The U.S. is poised to send $40 billion in aid to Ukraine after the House approved the assistance package on Tuesday. Though the funds are temporarily stalled in the Senate due to an objection from Sen. Rand Paul, R-Ky, the measure is expected to go through in the coming week, with nearly $15 billion for military aid. It will bring total U.S. support to Ukraine since the beginning of the war to more than $53 billion.

These numbers might seem staggering, but they pale in comparison to the amounts Washington spent on the wars in Iraq and Afghanistan, or in Vietnam for that matter. Yet the result has been vastly more effective.
Despite tens of billions of dollars spent rebuilding militaries from scratch in Iraq and Afghanistan, the latter infamously melted away in 2021 before the U.S. could complete its withdrawal from the country. Meanwhile, Iraq’s military nearly collapsed after the Islamic State militant group emerged in 2013, requiring massive injections of foreign air power, advisers and financial aid to drive ISIS out of Iraqi territory. And after more than a decade of U.S. military support, South Vietnam fell to a North Vietnamese invasion in 1975 two years after the U.S. withdrew.
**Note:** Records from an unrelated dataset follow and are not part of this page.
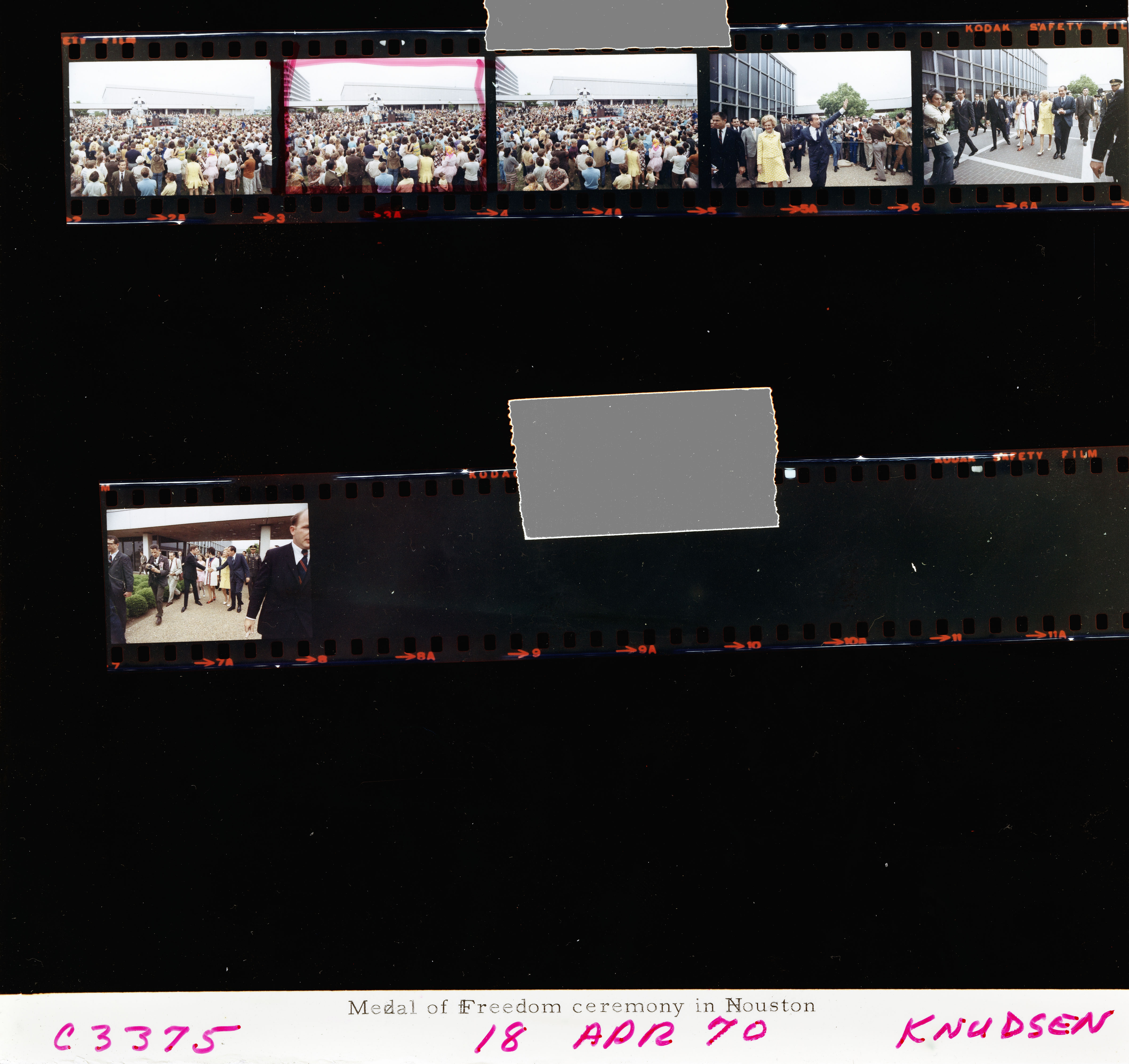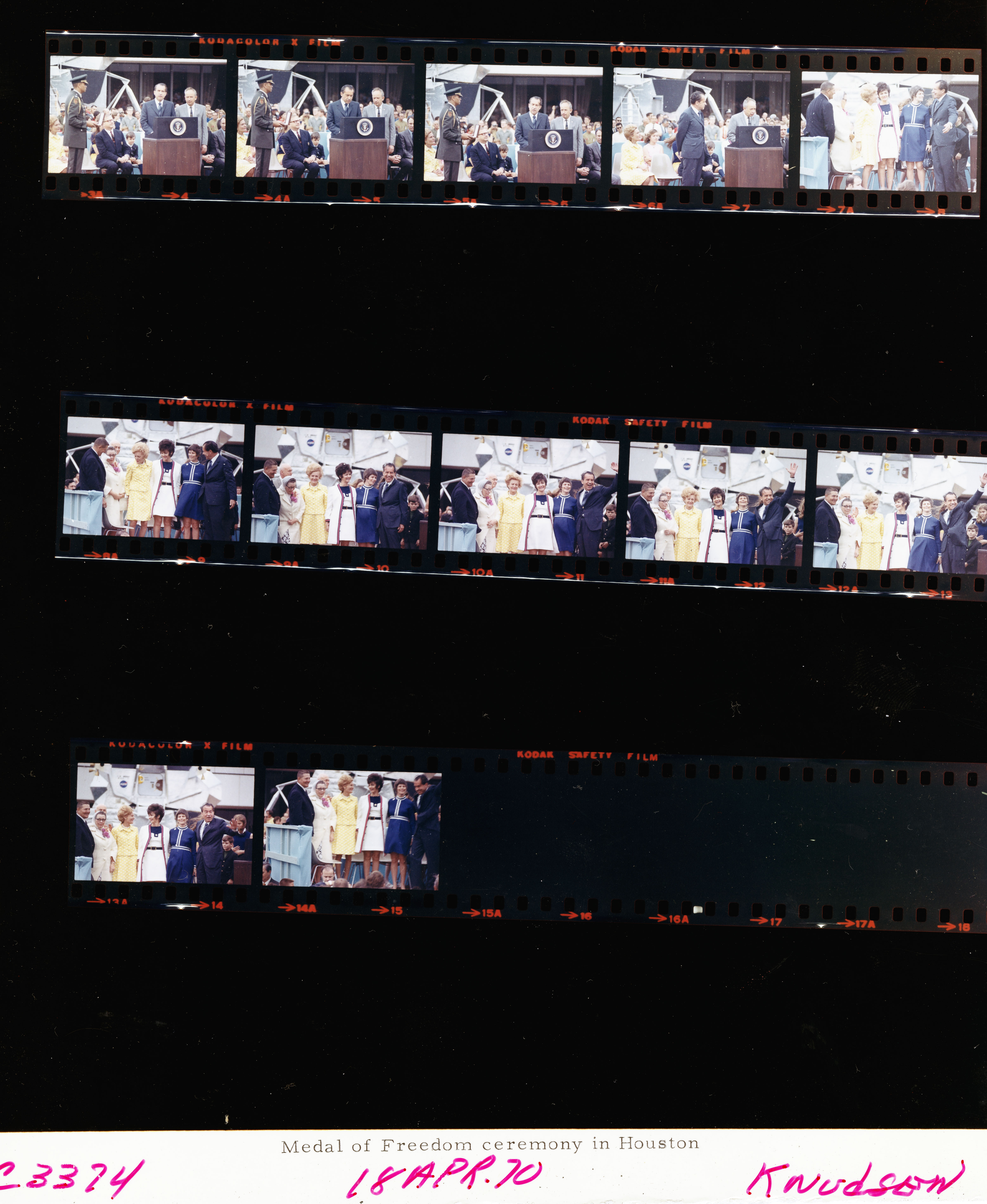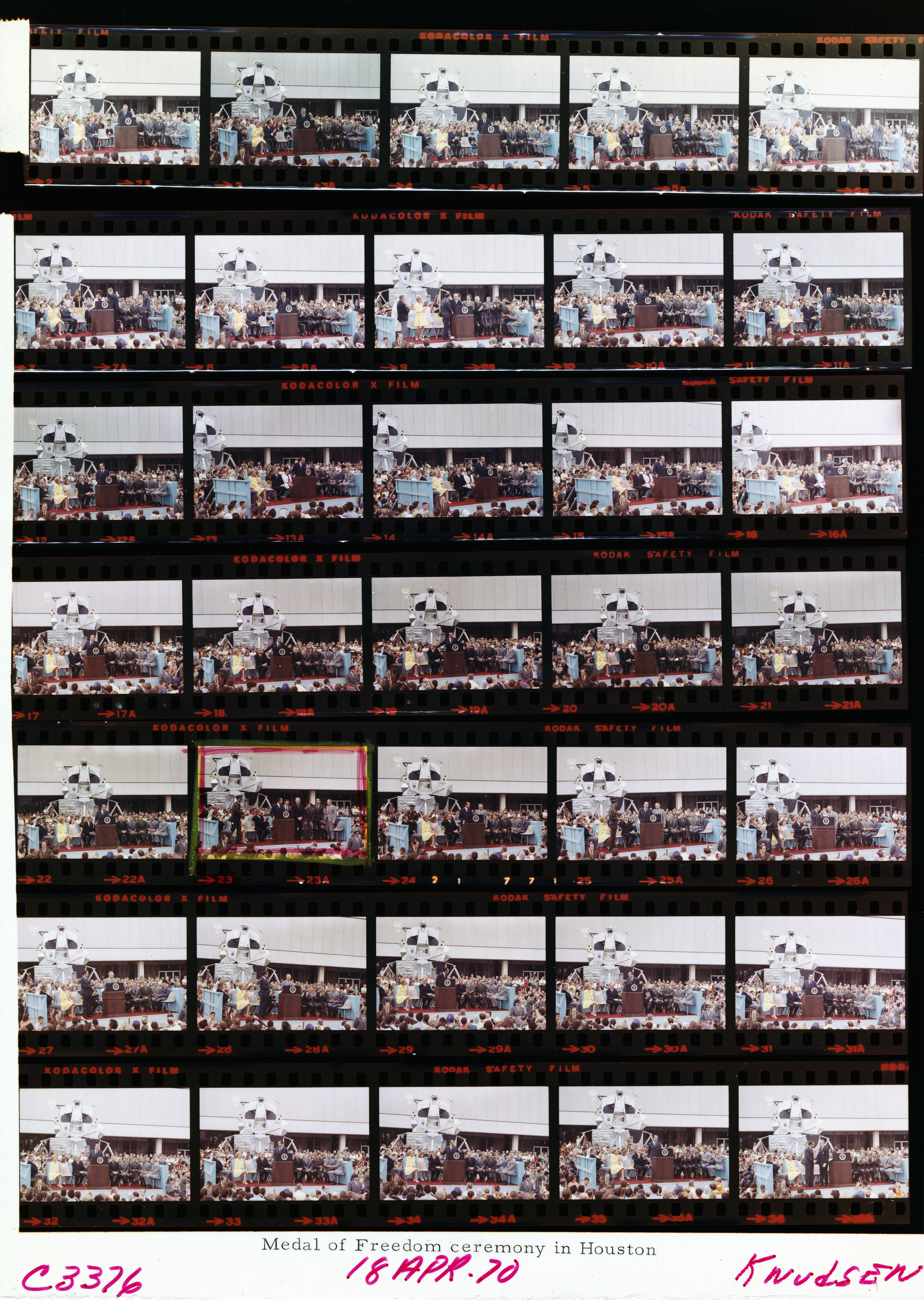 - Frame(s): WHPO-3375-02A-07A, President Nixon awarding the "Medal of Freedom" to the Apollo 13 ground crew represented by Dr. Sigurd Sjoberg. 4/18/1970, Houston, TX Ellington AFB. President Nixon, Dr. Sigurd Sjoberg, Mrs. Lovell, Mrs. Haise, Dr. and Mrs. John Swigert, Thomas Paine, NASA Administrator.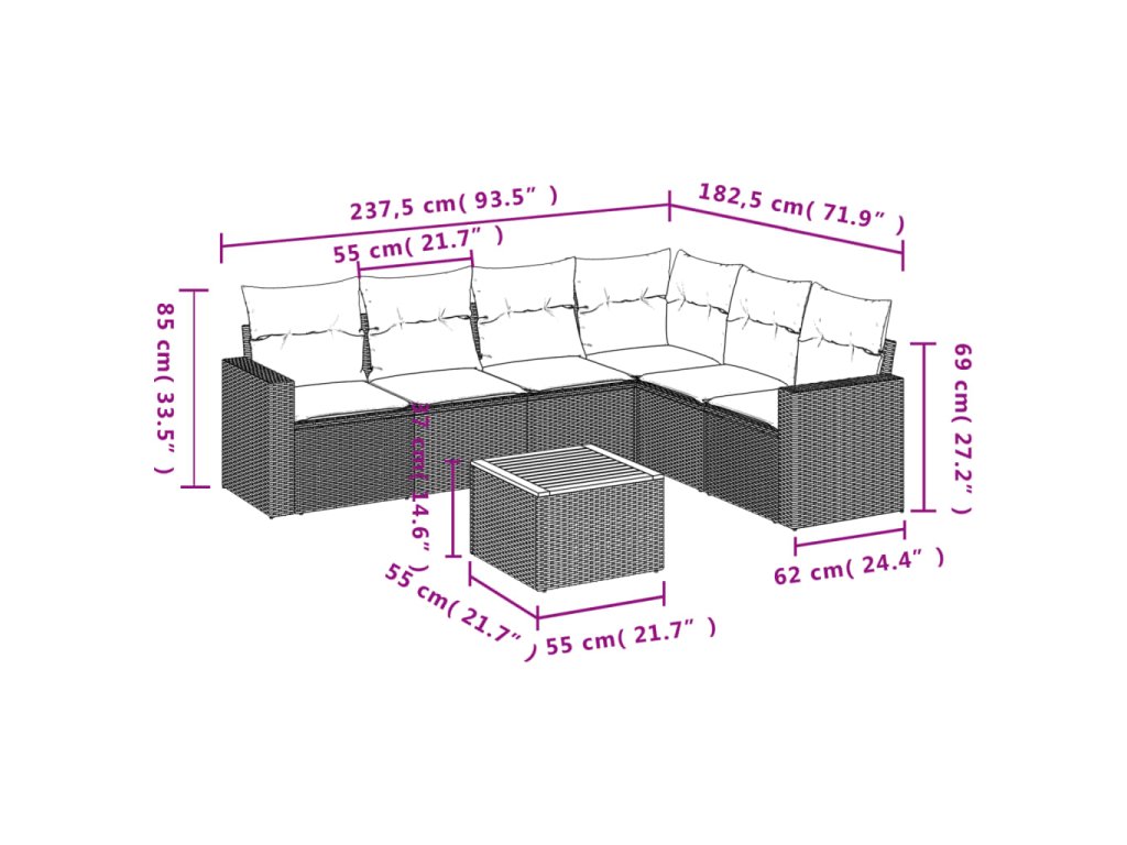 Tato zahradní sedací souprava je dokonalým doplňkem vaší zahrady, terasy nebo dvorku a poskytne vám pohodlné a příjemné místo, kde si můžete povídat s rodinou a přáteli nebo jen tak odpočívat a užívat si pobyt venku.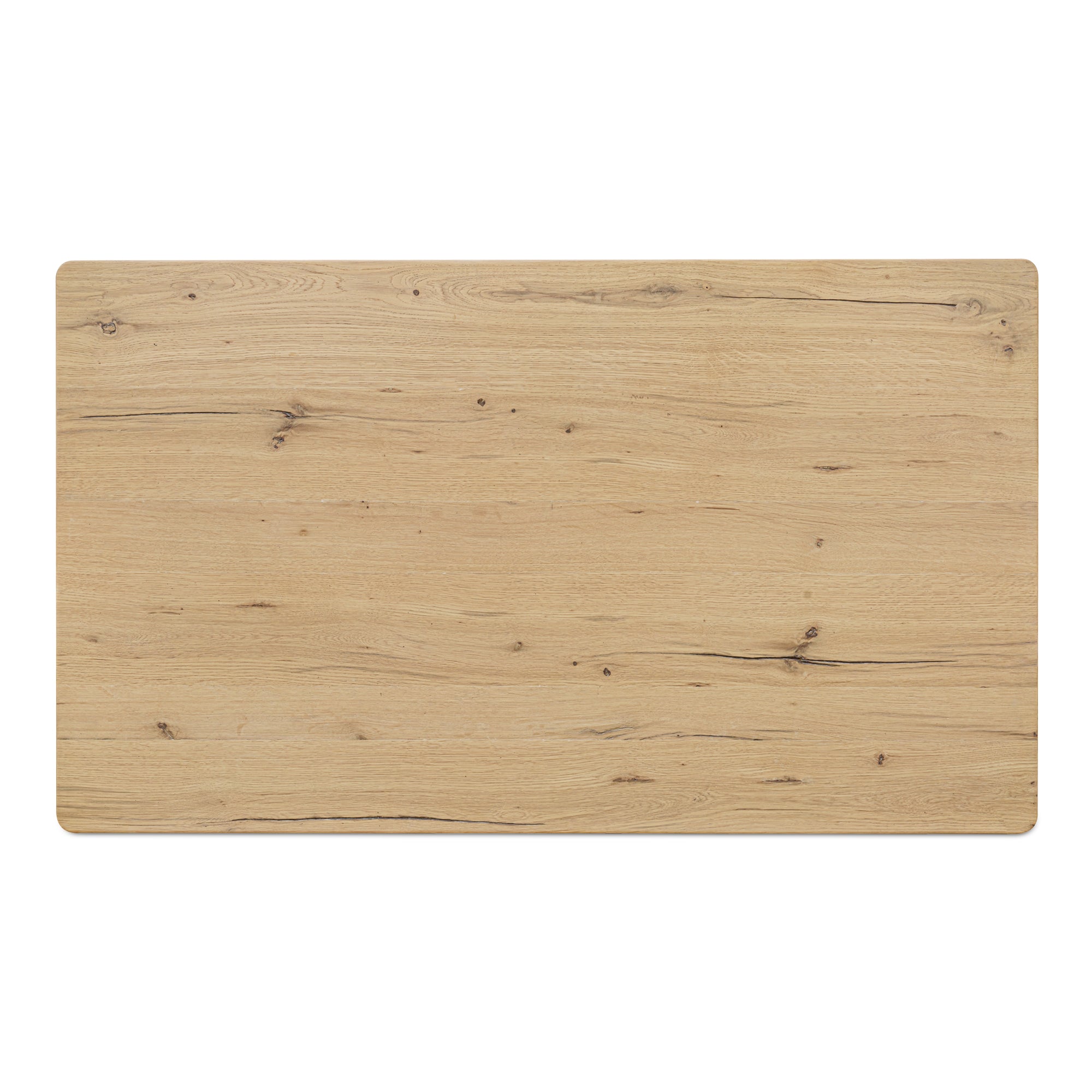 Mareth Coffee Table, Rectangular Rustic Oak Top with Rounded Edge, Solid Oak Legs Dual-Sided Drawers, Natural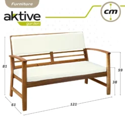 Conjunto de muebles de jardín Aktive Garden con mesa, banco y sillones. Son demadera de Acacia proveniente de bosques sostenibles. El acabado en aceite protege la madera y resalta su color y veta natural. Para uso exterior, el banco doble y los 2 sillones tienen el respaldo acolchado e incluyen cojines color crudo. Medidas mesa: 75x51x34 cm, sillones: 60x61x81 cm y banco: 121x61x81 cm.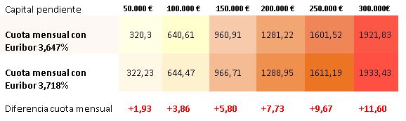 Una hipoteca amb un capital pendent de 100.000 € amb un termini restant de 20 anys i amb un tipus d’interès d’Euribor + 1% de diferencial, passarà amb el nou valor de l’Euribor d’una quota mensual de 640,61€ a una altra quota de 644,47 €. Això es tradueix en un increment mensual de la quota de 3,86 €. Totes les dades anteriors són aproximades.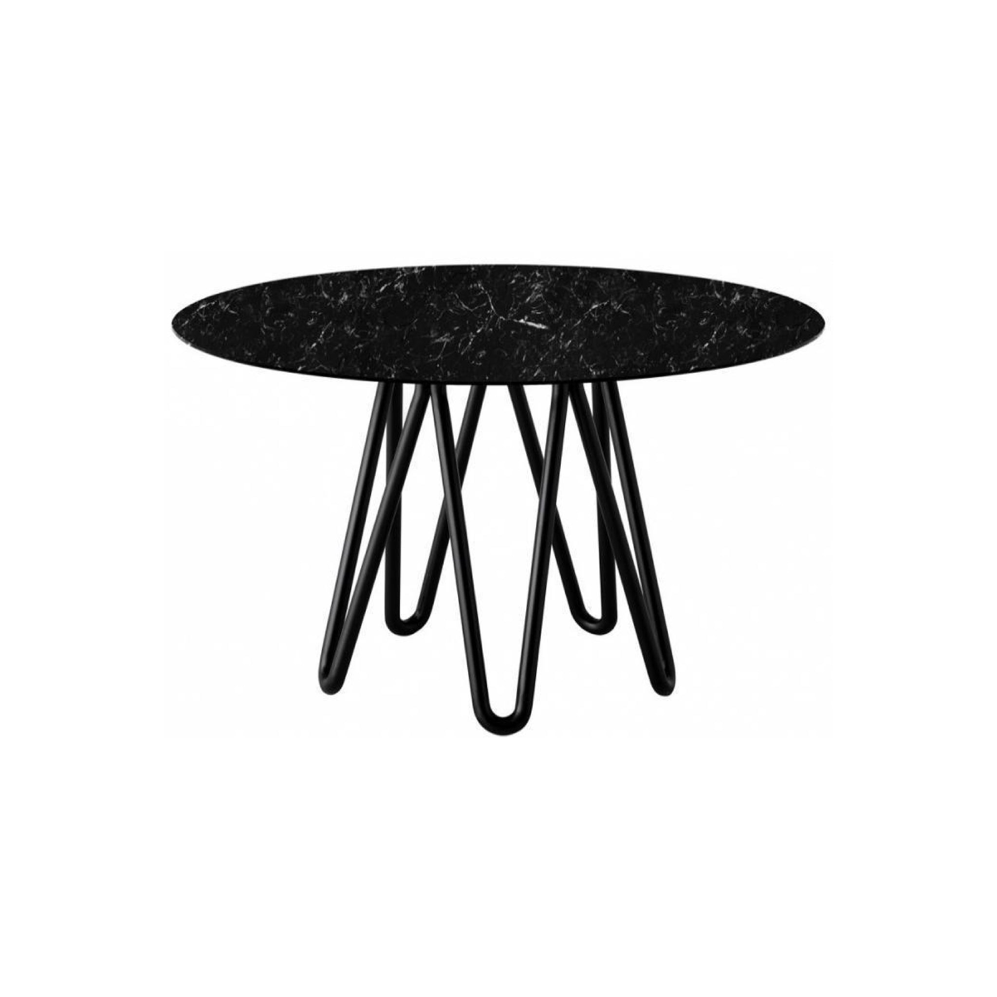 Обеденный стол из черного круглого стекла LKD192DTAWS | LEUKHOME
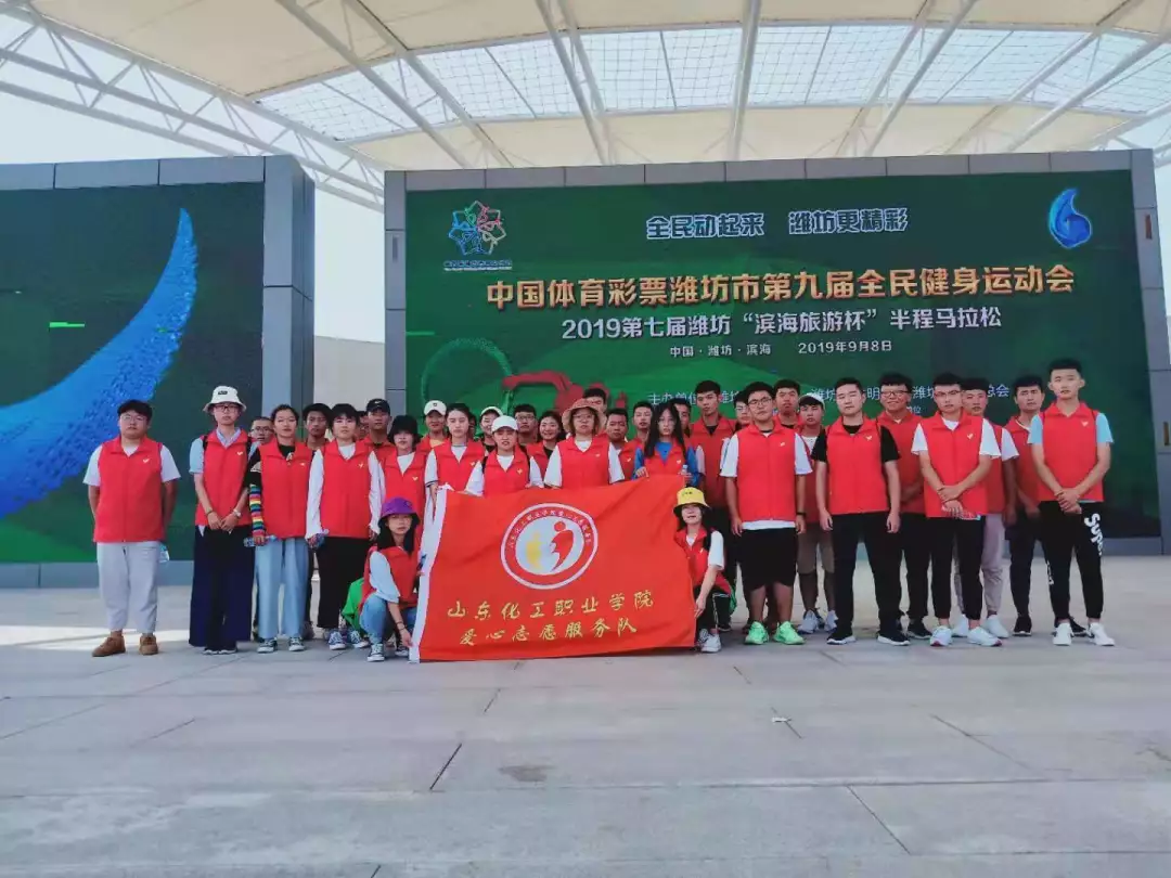 2019年9月8日,第七届潍坊“滨海旅游杯”半程马拉松赛正式开始,我院志愿者们于五点钟在校门口集合去马拉松赛场进行志愿服务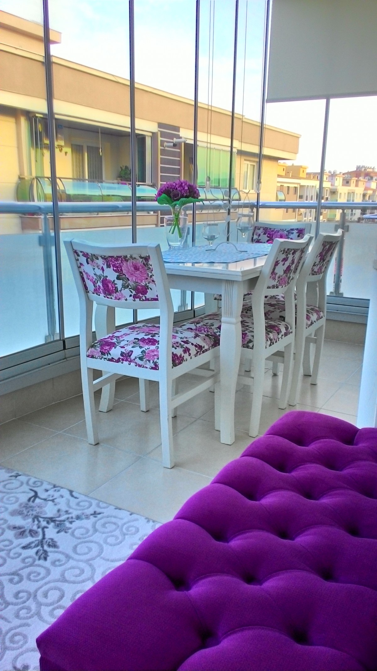 İzmir karşıyaka' da yaşıyoruz. Edebiyat öğretmeniyim.1,5 yıllık evliyiz. Evde zaman geçirmeyi çok seviyoruz. En büyük keyfimiz yemek yapmak ve dostlarımızı ağırlamak Evimiz fazla geniş değil bu nedenle eşya seçiminde titiz davrandık. Konforlu ve romantik bir ev yapmak istedik. Sanırım başardık. Yemek masamızı cam balkonumuza koyduk çok da keyifli oldu:) izmirli bir çift olarak balkonu seviyoruz :)

In contrast, Ukraine has been an immense success story. Why is that?

Well, to begin with, Ukrainian society as a whole was willing to fight in defense of its country. The government wasn’t reliant on the U.S. military to prop it up and to cajole reluctant recruits to defend it. And despite political divisions, over time, the Ukrainian people grew to favor closer relations with Western Europe and the United States. In contrast, arms, money and the blood of thousands of U.S. troops couldn’t infuse Western-oriented governments in South Vietnam and Afghanistan with popular support.

Ukraine’s spirit of national resistance has also meant that most of the U.S. arms transferred to local forces have been used for their intended purpose. In contrast, corruption and disloyalty (and ineptness) saw huge quantities of U.S. military aid to Afghanistan, Iraq and South Vietnam go missing and even end up with enemy forces.

In Ukraine, the U.S. and NATO are helping the country build on its existing strengths instead of reinventing the military top to bottom — as the U.S. had to do in Iraq when it foolishly disbanded the entire military after routing Iraqi leader Saddam Hussein. In Ukraine, beginning in 2014 when the war in eastern part of the country broke out, Washington instead enabled Kyiv to make better use of its huge inventory of Soviet artillery and armored vehicles through modernized training and tactics.

It also focused on delivering mostly nonlethal systems that allowed Ukrainian troops to use the firepower they already had more effectively, such as counter-battery radars that have helped Ukrainian forces detect artillery attacks, night-vision goggles that allow Ukrainian units to operate at times Russian units can’t and secure communication systems that protect their troop locations.

When it became evident Ukraine was at high risk of being fully invaded by Russia earlier this year, U.S. and British defense officials correctly shifted to providing the kinds of lethal weapons that could be quickly delivered in large quantities and fielded rapidly for maximum impact. In particular, thousands of advanced portable Javelin and Stinger missiles that have light logistical and training requirements and have been ideal for ambushing Russian armored columns or shooting down low-flying helicopters and planes.

This is a smart change from giving Abrams tanks to Iraq and Blackhawk helicopters to Afghanistan that indigenous personnel struggled to maintain without copious support from American contractors.

# The opinions expressed in this article are of the authors’: Ed. Upadhyaya.